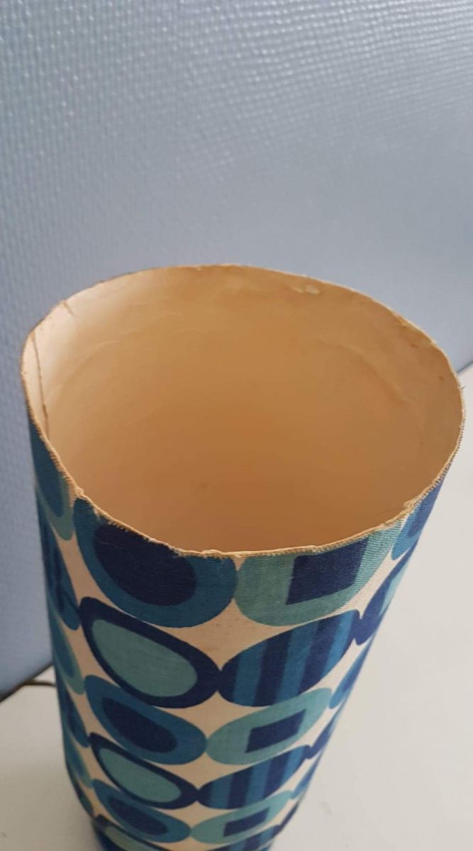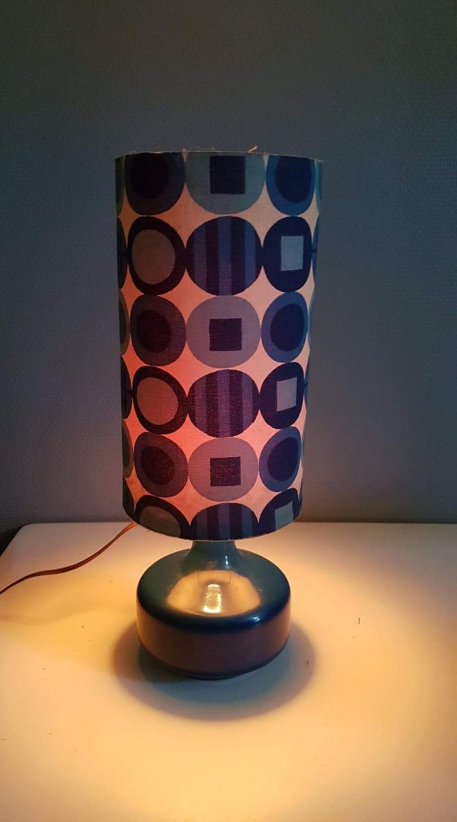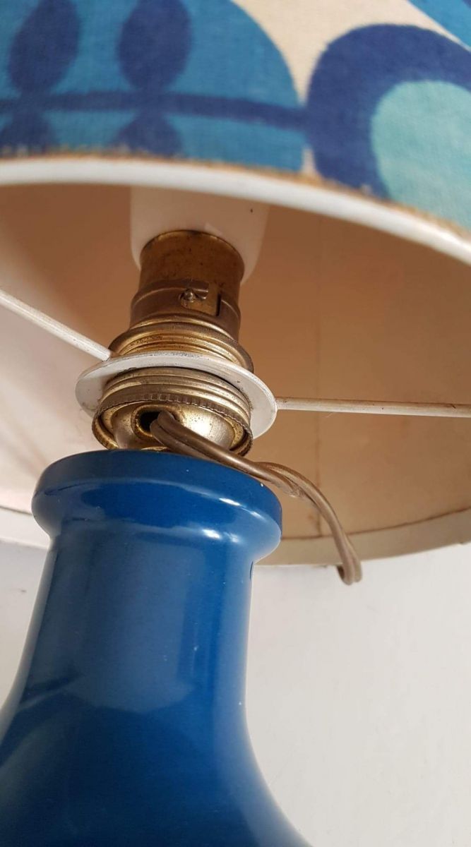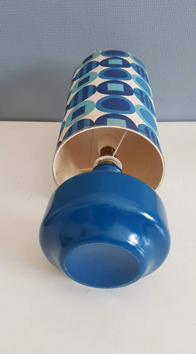 lampe à poser vintage pied céramique abat-jour tissu cartonné à fleurs bleues des années 70
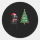 Sticker Rond Funny Black Cat Pushing Christmas Tree Over Cat Wh
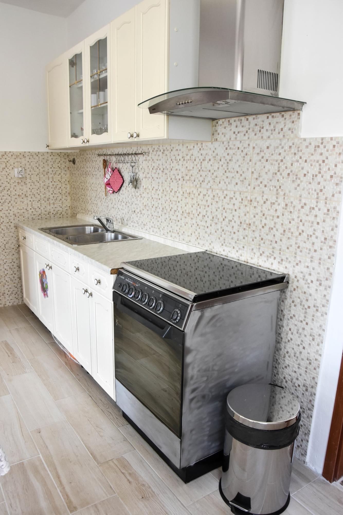 U lijepo uređenom apartmanu je garaža u sklopu kuće, sa garažnim vratima. Dvije sobe, jedna sa krevetičem za dijete. Kao i kada za bebu i stolica za sjedenje. Kupaona i wc posebno. Kuhinja i dnevni boravak sa TV-internetom. Izlaz je na balkon koji je spojen sa dvorištem. Sve je ograđeno i sigurno. Kamin i veliki stol u dvorištu, sa dvije ležaljke. Pješčana plaža je 5 minuta hoda od apartmana, kao i dućan i centar grada.
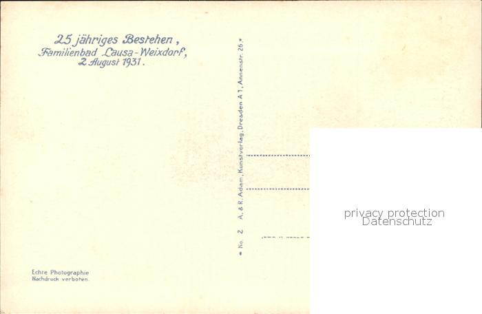 31721414 Weixdorf 25 jaehriges Bestehen Familienbad Lausa-Weixdorf postalisch nicht gelaufen Erhaltung siehe scans KatCode: 11110014262000
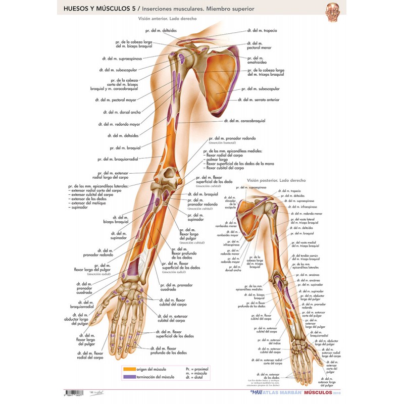 En ella se puede ver diferenciada tanto la visión anterior como posterior del lado derecho del miembro superior, señalando con colores los orígenes e inserciones musculares.
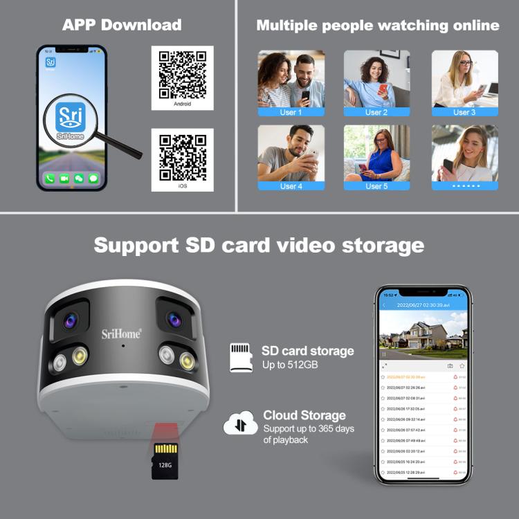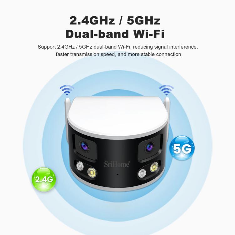 SriHome SH070 4MP Binocular Stitching Ultra-wide Angle Waterproof Camera Supports Full-color Night Vision, AU Plug, UK Plug, EU Plug, US Plug
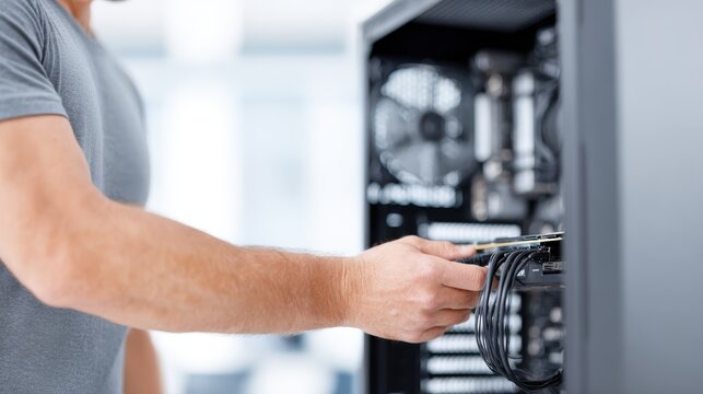 Male technician performing maintenance on a computer, connecting cables inside a desktop tower, showcasing technical skills and attention to detail in a modern workspace
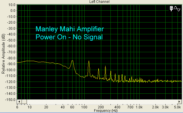 Below is a graph with the amplifier powered on, and input cables and output cables connected, but no input signal. It shows that the Mahi has a significant amount of AC ripple, and this is the hum that I was hearing. I have tested more expensive power amps that have hum too, and less expensive tube products that don't have this much. It is just another thing that is part of dealing with tubes.
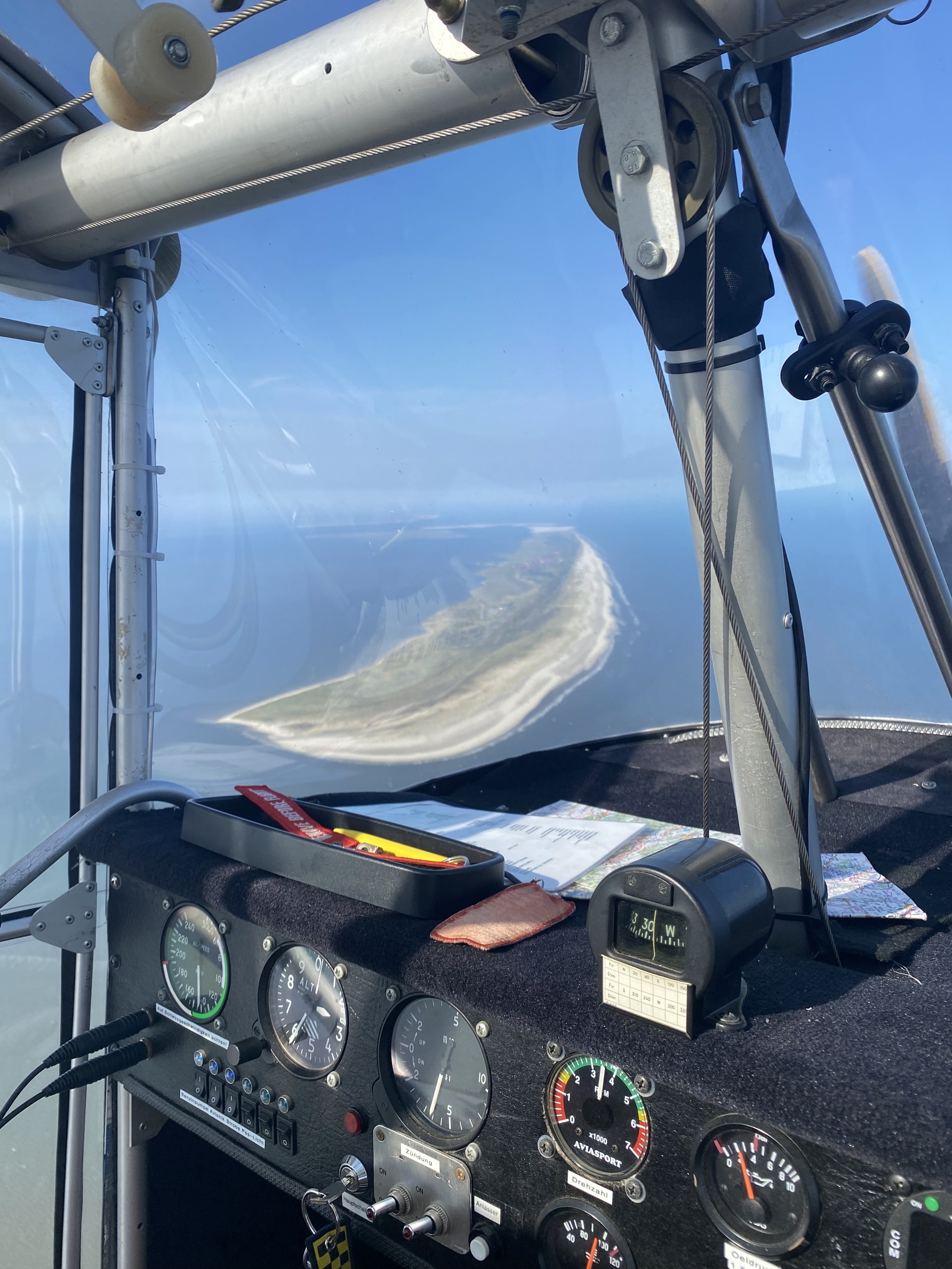 Die ersten Flüge bestanden vor allem aus Eingewöhnung und Airwork – Platzrunden, Trudeln, Langsamflug, Motormanagement. Dann ging’s an die Streckenflüge: Einmal mit Lehrer, einmal solo.
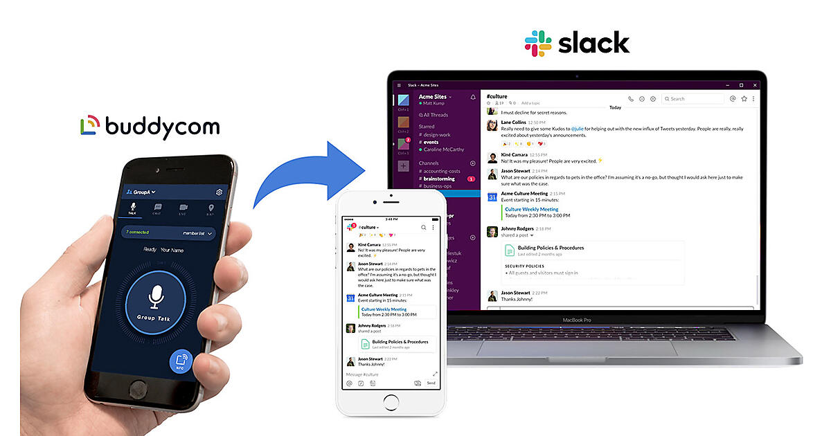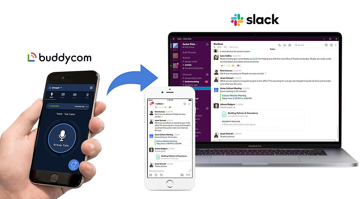 Buddycomは、話した内容をリアルタイムに文字化して共有でき、現場の業務コミュニケーションを効率化する。アプリ画面のトークボタンを押すか、スピーカーマイクなどの周辺機器を使う。Slackではこれまで、文字を打つのに時間がかかったり、業務中はスマートフォンに触れられなかったりするケースが指摘されていた。
-=-=-=-=-
Look back over the records above. Reproduce exactly everything from the line with "Sticker Rond Funny" down to the line with "31721414 Weixdorf 25", inclusive, and leave the pictures out.

▶ [Output for this exercise]:
 Sticker Rond Funny Black Cat Pushing Christmas Tree Over Cat Wh
 U lijepo uređenom apartmanu je garaža u sklopu kuće, sa garažnim vratima. Dvije sobe, jedna sa krevetičem za dijete. Kao i kada za bebu i stolica za sjedenje. Kupaona i wc posebno. Kuhinja i dnevni boravak sa TV-internetom. Izlaz je na balkon koji je spojen sa dvorištem. Sve je ograđeno i sigurno. Kamin i veliki stol u dvorištu, sa dvije ležaljke. Pješčana plaža je 5 minuta hoda od apartmana, kao i dućan i centar grada.
 31721414 Weixdorf 25 jaehriges Bestehen Familienbad Lausa-Weixdorf postalisch nicht gelaufen Erhaltung siehe scans KatCode: 11110014262000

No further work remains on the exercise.